ASEAN Smart Cities Network

Written by 
Rate this item
(1 Vote)

 

Kepala Negara dan pemerintahan negara-negara anggota ASEAN, baru saja bertemu dalam Konferensi Tingkat Tinggi ASEAN ke 32, di Singapura pada 28 April 2018. Tema yang diangkat adalah “"Resilient and Innovative ASEAN" atau Ketahanan dan Inovasi ASEAN. 

Indonesia, seperti diungkapkan Menteri Luar Negeri Retno Marsudi, menyatakan puas dengan berbagai hasil positif yang disepakati dalam Konferensi Tingkat Tinggi (KTT) ke-32 ASEAN itu.

Yang juga mendapat perhatian Indonesia adalah inisitiaf ASEAN Smart Cities Network (Jejaring kota-kota pintar ASEAN).  Setiap negara mengusulkan maksimal tiga kota untuk menjadi bagian dari kerjasama Asean Smart Cities Network ini. Dalam rapat pleno, Presiden Joko Widodo  mengungkapkan ia memandang inisiatif itu sangatlah baik. Masalah perkotaan sangatlah kompleks dan ASEAN Smart Cities Network merupakan salah satu jawaban terhadap tantangan tersebut. Yaitu  membangun kota yang berkelanjutan dan inklusif dengan dukungan teknologi serta inovasi.

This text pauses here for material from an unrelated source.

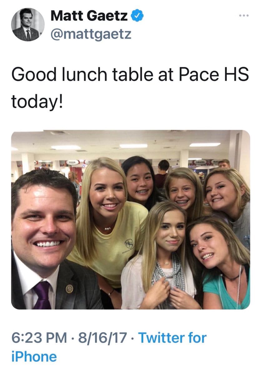 Between May and November 2017, Gaetz wasn’t just cruising high schools to take selfies with children. According to published reports, during those months he and his now-convicted BFF Joel Greenberg were, among other things, having sex with a minor.

Wajar bila Indonesia mendukung usulan jaringan kota pintar ini. Karena Indonesia saat ini sedang mengembangkanGerakan Menuju 100 Smart Cities pada tahun 2018.  Presiden memasukkan tiga kota di Indonesia dalam jejaring ASEAN Smart Cities Network, yaitu Jakarta, Banyuwangi dan Makassar. 

Banyuwangi dan Makassar dianggap telah memenuhi 6 indikator kota pintar di Indonesia, yaitu Smart Living, Smart Environment, Smart Mobility, Smart Governance, Smart Economy, Smart People (kehidupan, lingkungan, pergerakan penduduk, pemerintahan, ekonomi serta  warga yang kesemuanya  cerdas atau pintar).

Indonesia, khususnya Jakarta, Banyuwangi dan Makassar harus memanfaatkan secara maksimal jejaring kota pintar ASEAN ini. Karena akan  membuka peluang besar, antara lain  bagi   usaha kecil dan menengah untuk  lebih berkembang dan menemukan pasar-pasar baru.  Pada gilirannya, ini  akan meningkatkan kesejahteraan masyarakat Indonesia.

Diharapkan, dengan adanya jejaring kota pintar ASEAN ini, juga akan meningkatkan ketahanan kolektif terhadap ancaman umum, ancaman lintas batas seperti terorisme, kejahatan transnasional dan kejahatan siber.

Semoga ASEAN Smart Cities Network menjadi  jawaban terhadap tantangan pembangunan Masyarakat Asean yang inovatif dan memiliki ketahanan.